Under the replacement cost endorsement quoted above, it is obvious Nahmias would have claimed the building's actual cash value. Using that sum as seed money, it next would have reconstructed the building, then filed an additional claim with American within 180 days to recoup the difference between the amount American paid under the first claim and Nahmias's total cost to reconstruct the building and update it to current applicable codes (discussed below), all without reference to the building's "fair cash value" before the fire.
Thus, the first element of damage properly considered by the trial court was the actual cost to restore the building to its condition just before the fire. Evidence concerning the building's actual cash value was irrelevant and immaterial, and thus non-probative.

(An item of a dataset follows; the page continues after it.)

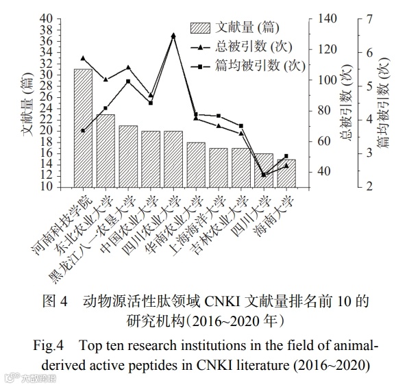 通过分析研究机构的分布情况,能够帮助了解学术界对该研究领域的支持与认可程度,有利于该领域的和谐发展和相关机构之间的合作与交流。图 4 是 2016~2020 年动物源活性肽研究领域 CNKI 主要研究机构(前 10)文献分布及分析指标,主要从文献量(篇)、总被引数(次)和篇均被引数(次)三个指标来分析研究。从图 4 中发表文献量排名来看,论文发表最多的研究机构是河南科技学院,该院校的生物学等相关学科是省级重点一级学科,该机构主要研究了抗菌肽对肉鸡养殖、养猪、临床上的应用;对牛血红蛋白源抗菌肽 P3 及其类似肽、鸡抗菌肽 NK-lysin 抗菌肽 JH-3 的抗菌谱、溶血性等生物信息学进行了分析,研究了抗菌肽对肠道菌群的影响。河南科技学院的总被引数和篇均被引数也相对较高,说明河南科技学院发表的文献质量较高。其次是东北农业大学,发文量 23 篇,总被引数 100 次,篇均被引数 4.35 次。文献量排名第五的四川农业大学,发文量虽然相对较低,但是其总被引数和篇均被引数是国内发文机构最高的,分别是 129和 6.45 次。

However, Affiliated further argues under the policy, Nahmias was required to reconstruct the building completely before any liability to pay replacement and code update costs attached as to Affiliated. We disagree.

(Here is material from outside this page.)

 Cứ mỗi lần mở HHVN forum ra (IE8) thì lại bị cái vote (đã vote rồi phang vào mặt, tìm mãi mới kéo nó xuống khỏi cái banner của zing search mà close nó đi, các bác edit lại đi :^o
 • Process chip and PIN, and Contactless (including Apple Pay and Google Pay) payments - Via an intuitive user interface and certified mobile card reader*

Affiliated was not a party to this contract. Just as one not a party to a contract has no standing to enforce it, State v. Williamson Polishing Plating Co., Inc. (1979), 179 Ind. App. 158, 384 N.E.2d 1114, 1115; Cook v. City of Evansville (1978), 178 Ind. App. 20, 381 N.E.2d 493, 494, as a general rule a defense based upon the terms of a contract may be asserted only by a party thereto who urges it in his own defense. 17A C.J.S. Contracts § 528. Such defense may not be asserted here by Affiliated, a non-party to the insurance contract. It was available only to American.
B. Code Update Coverage
The replacement cost endorsement also provided
. . . . .
3. This Company shall not be liable under this policy including this endorsement for any loss —
(a) Occasioned by enforcement of any local or state ordinance or law regulating the construction, repair or demolition of buildings unless such liability has been specifically assumed under this policy:
. . . . .
Had this section been waived, code update coverage would have been available to Nahmias. Because Affiliated did not advise its client this section could be waived, it was not available to Nahmias when the building burned. Thus, the next probative evidence properly considered by the trial court was the cost to bring both the damaged and undamaged parts of Nahmias's reconstructed building into compliance with all applicable building codes, this in addition to the replacement cost of the building.

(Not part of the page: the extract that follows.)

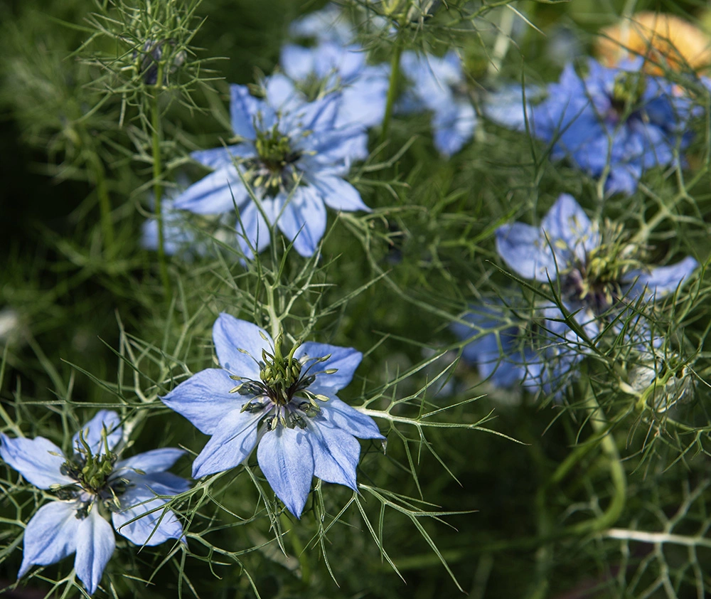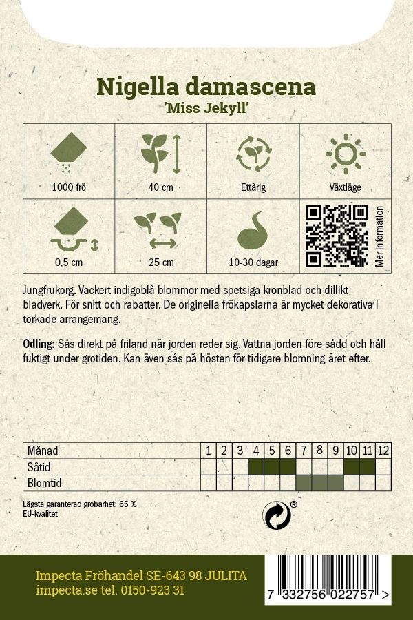 Vackert indigoblå blommor med spetsiga kronblad och dillikt bladverk. För snitt och rabatter. De originella frökapslarna är mycket dekorativa i torkade arrangemang.

C. No Damages Award Inadequate
The trial court's findings numbered 13 and 14 deal with these subjects. They provide
. . . . .
13. The cost of repairing the fire damage to restore the building to the same condition it was in before the fire was determined by agreement of appraisers selected by American and Realty [Nahmias] to be $343,750.00.
14. The additional cost of updating the building to meet existing code requirements to actually restore and reoccupy the premises lawfully was estimated by Jungclaus, a contractor employed by Realty [Nahmias] to evaluate the repair cost to be $20,000.00. . . .
The total of these two figures ($343,750 and $20,000) is $363,750. Offsetting the total amount American paid Nahmias under the covenant, $357,500, cf. finding no. 19, it is clear the trial court's award of no damages is insufficient under the court's own figures in the amount of $6,250.
Reversed and remanded for a new trial on damages only.
BUCHANAN, C.J. (sitting by designation), and YOUNG, P.J., concur.